Renouncing the study of secular sciences, he devoted himself to meditation on the Bible and the cultivation of the religious life. Basil appears to have employed his brother as his confidential agent in some matters. Subsequently, he withdrew from active affairs, and resumed the life of a solitary ascetic. He assisted his sister and his mother in establishing their monastic community after his father's death. Peter became involved in the gradual transformation of his mother's household from a community of virgins to a cenobitic community of both women and men. For some years his brother Basil was his near neighbour on the other side of the Iris, where he had established a monastery for male ascetics, in the presidency of which Peter succeeded him when in 365 Basil was finally recalled to Caesarea by bp. Eusebius. Peter headed the male monastery while Macrina was responsible for the female community. When the provinces of Pontus and Cappadocia were visited by a severe famine, he gave a remarkable proof of his charity, liberally disposing of all that belonged to his monastery, and whatever he could raise, to supply with necessaries the numerous crowds that daily resorted to him, in that time of distress. Shortly after his brother's elevation to the episcopal See of Caesarea in 370, Peter received from him priestly ordination. He continued to reside in his monastery till after Basil and Macrina died in 378/379.

About 380 he was elevated to the See of Sebaste in Armenia and took his stand beside his brothers Basil and Gregory in their fight against Arianism. In his life and episcopal administration he displayed the same characteristics as Basil. Linked together in the closest manner with his brothers, he followed their writings with the greatest interest. At his advice Gregory of Nyssa wrote his great work, Against Eunomius, in defense of Basil's similarly named book answering the polemical work of Eunomius. It was also at his desire that Gregory wrote the Treatise on the Work of the Six Days, to defend Basil's similar treatise against false interpretations and to complete it. Another work of Gregory's, On the Endowment of Man, was also written at Peter's suggestion and sent to the latter with an appropriate preface as an Easter gift in 397.

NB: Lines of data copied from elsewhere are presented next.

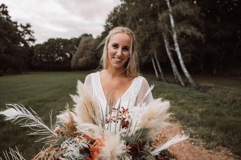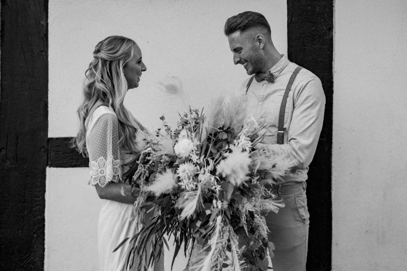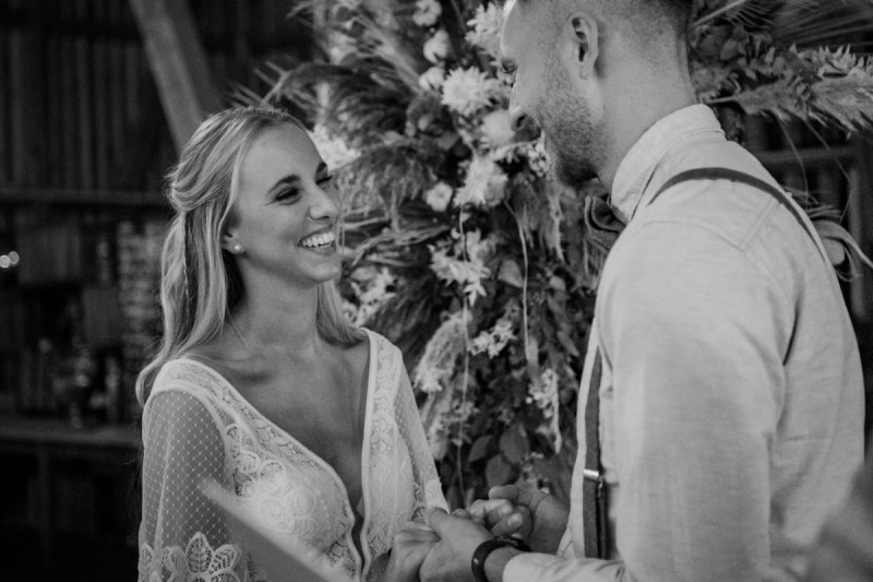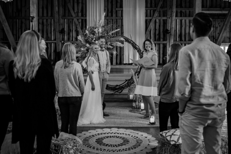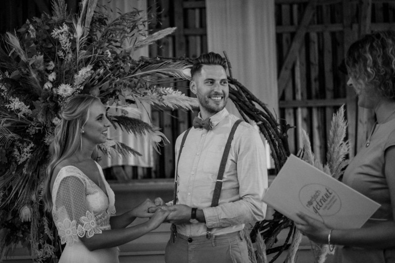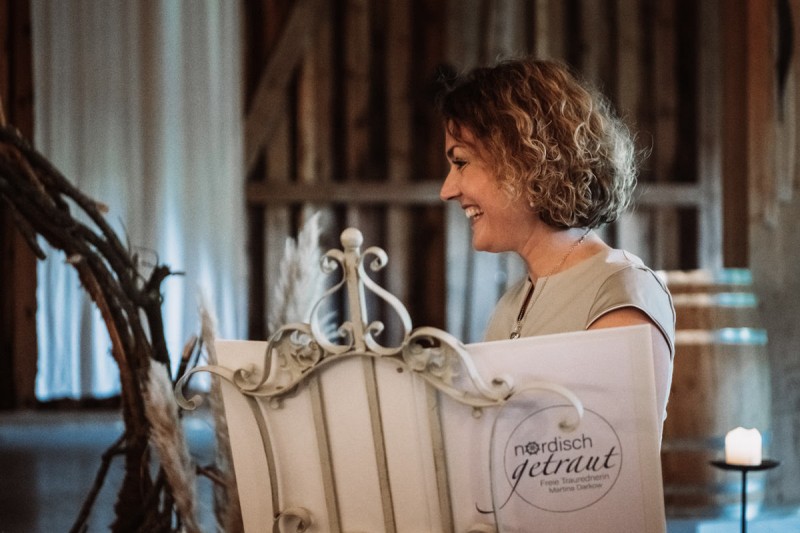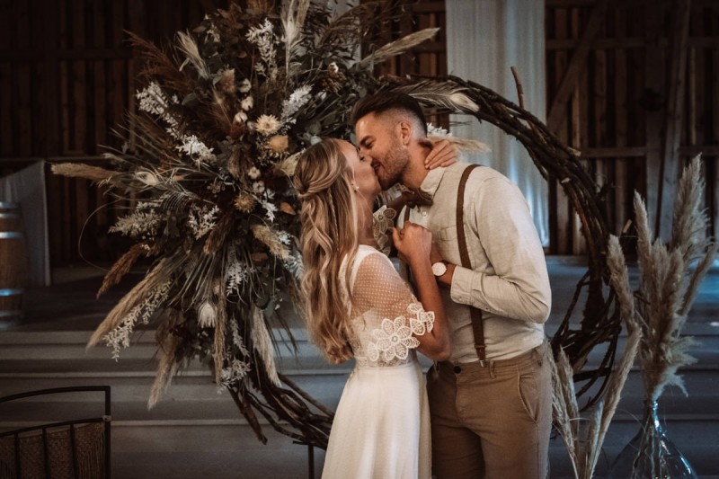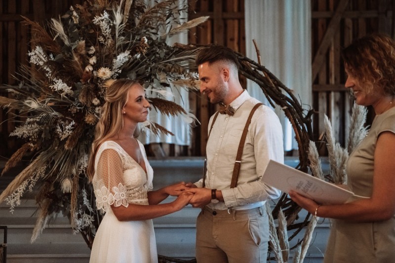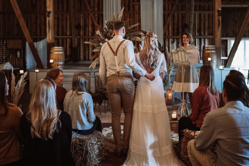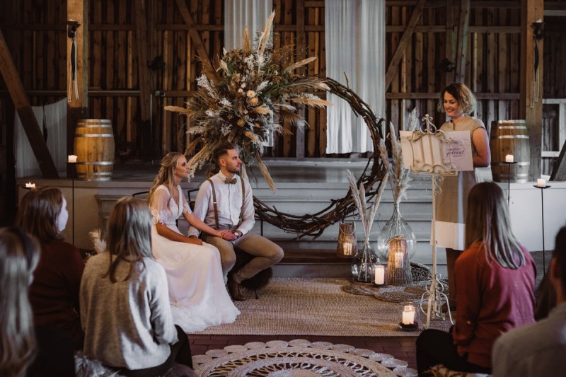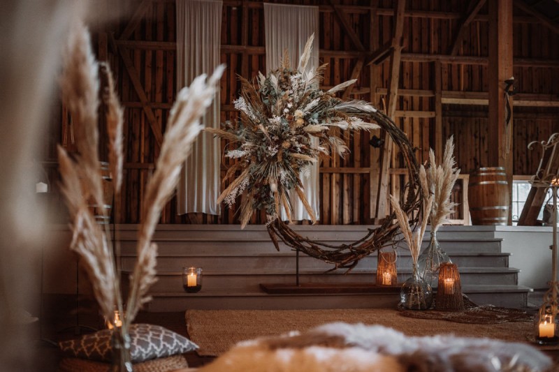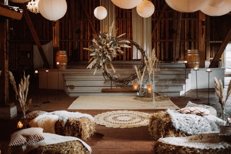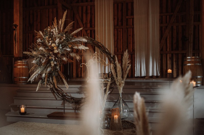 Doch kommen wir zur großen Feier in der schönen Scheune des Guts und dem Highlight des Tages, der freien Trauung! Große weiße Lampenschirme und unzählige Lichterketten hingen an diesem Tag von der hohen Decke hinab und leuchteten dem Brautpaar den Weg zum Traubogen. Aus vielen Ästen kreiert, wartete der runde Traubogen vor den steinernen Treppen. Blumen Schouten hat ein wildes und unglaublich opulentes Blumenbouquet aus Trockenblumen kreiert, das den Traubogen schmückte. Vor ihm standen Strohballen mit Kissen und Decken bestückt, von wo aus die Gäste die romantische freie Trauung der beiden, mit Traurednerin Martina Darkow von nordisch getraut, verfolgen konnten.
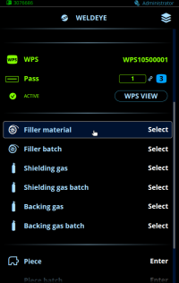 Se nenhum WPS for selecionado, você poderá ir para a linha WPS na visualização do WeldEye e selecionar um WPS disponível.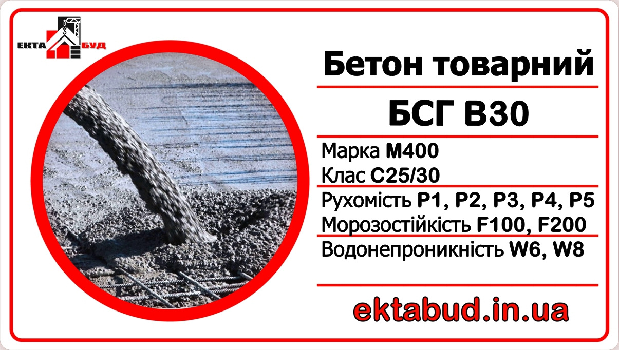 Бетон товарный БСГ В30 М400 С25/30 Р1 F200 W6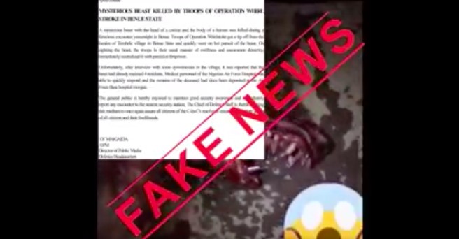 The Nigerian Army has debunked a video of a beast reportedly killed in Benue State by troops.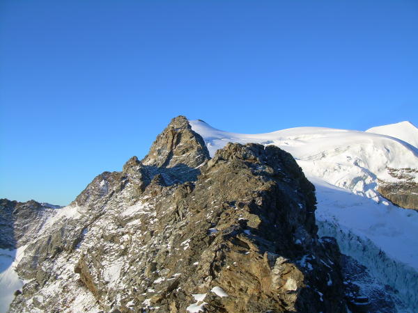 Wie gewohnt, zog das Gros der Bergsteiger von der Diavolezza aus gen Palü. Am Cambrena war, außer uns, nur noch ein Pärchen aus Davos unterwegs. Erst zum Schluss, als wir gerade mit dem Abseilen durch die Aufstiegsrinne beschäftigt waren, tauchte, wie aus dem Nichts und im vollen Tempo, eine Zweierseilschaft auf, die genauso schnell auch wieder verschwunden war.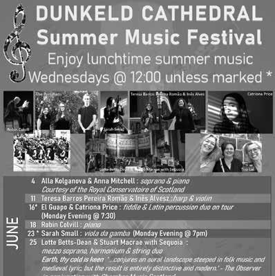 Continues until 28th August - L Dunkeld Cathedral Art Exhibition Duchess Anne Continues until 27th July - Exhibition Reclaiming Shadows Birnam Arts Open Daily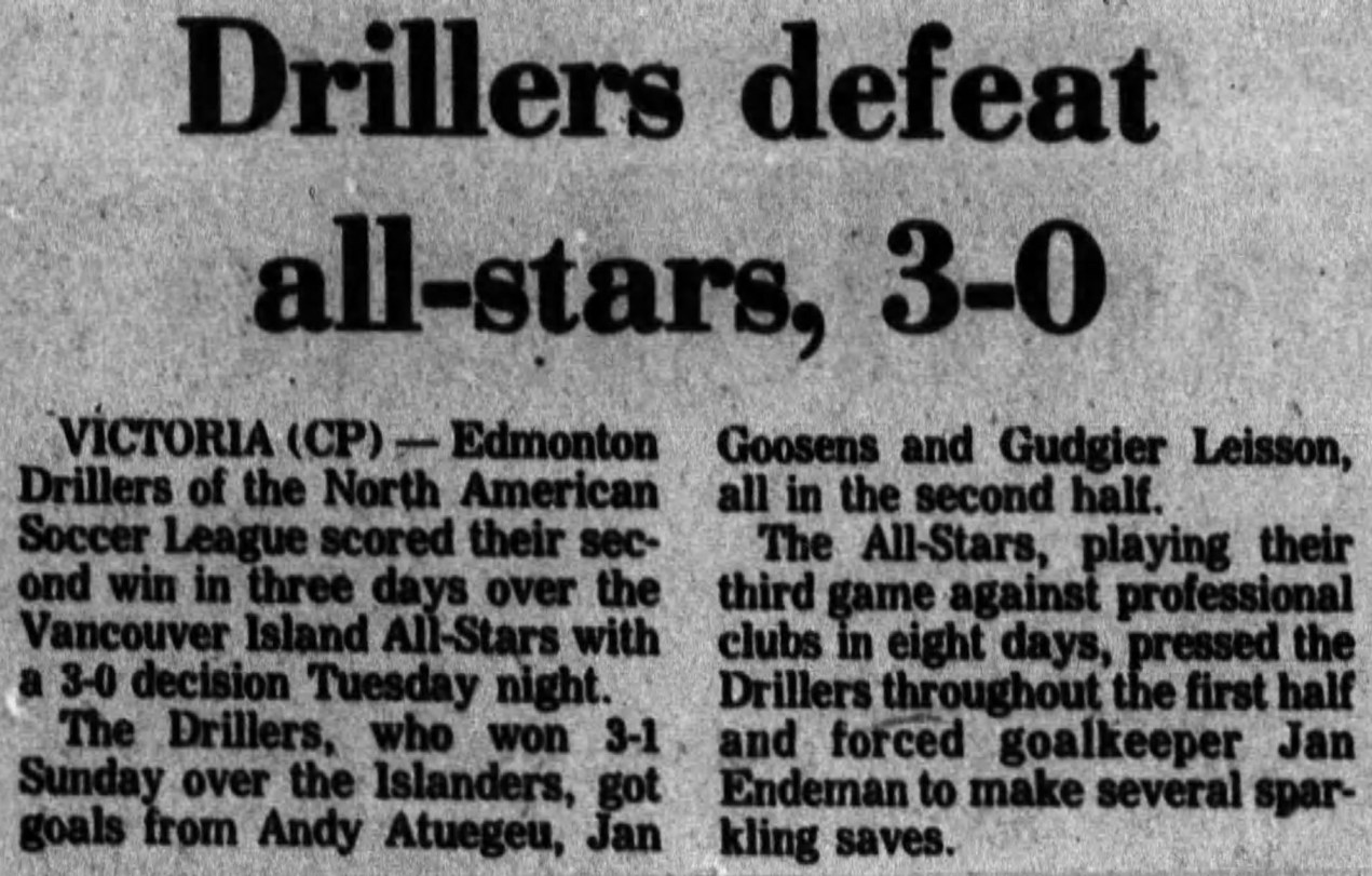 (Victoria, BC) Date: March 27, 1979 Drillers won 3-0 Attendance: Goals-Drillers-Andy Atuegbu, Jan Goossens, Gudgeir Leifsson |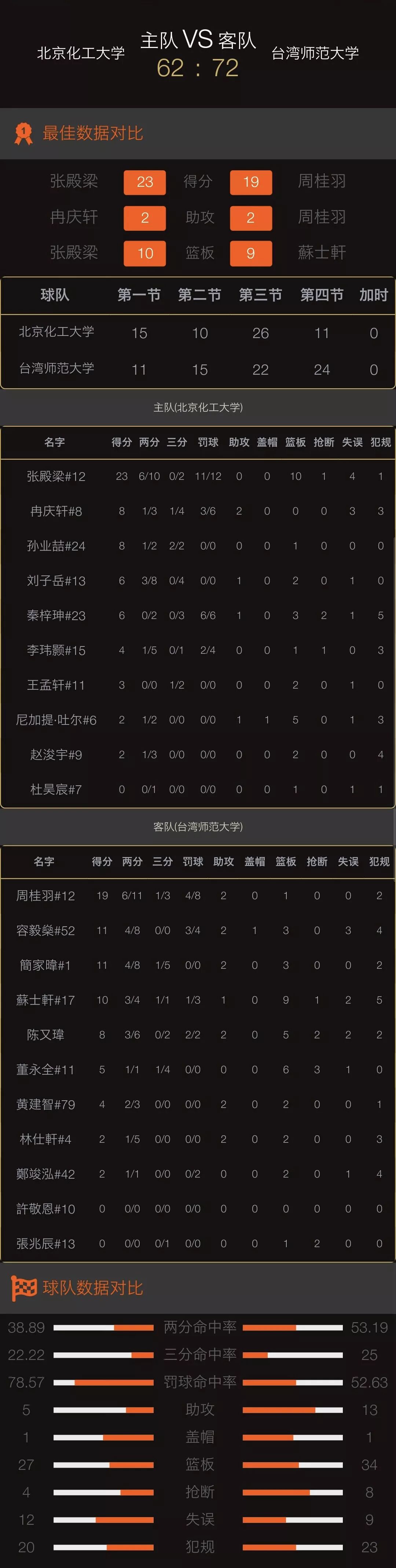 北京化工大学62:72台湾师范大学

No detailed information is available concerning his activity as a bishop, except that he was present at the Ecumenical Council of Constantinople in 381. Olympias, the deaconess and friend of Chrysostom, entrusted large funds to him for distribution to the poor. After his death in 391 he was venerated as a saint. His feast was historically kept by Roman Catholics on 9 January, but he is now listed under 26 March in the second edition of the Roman Martyrology (2004).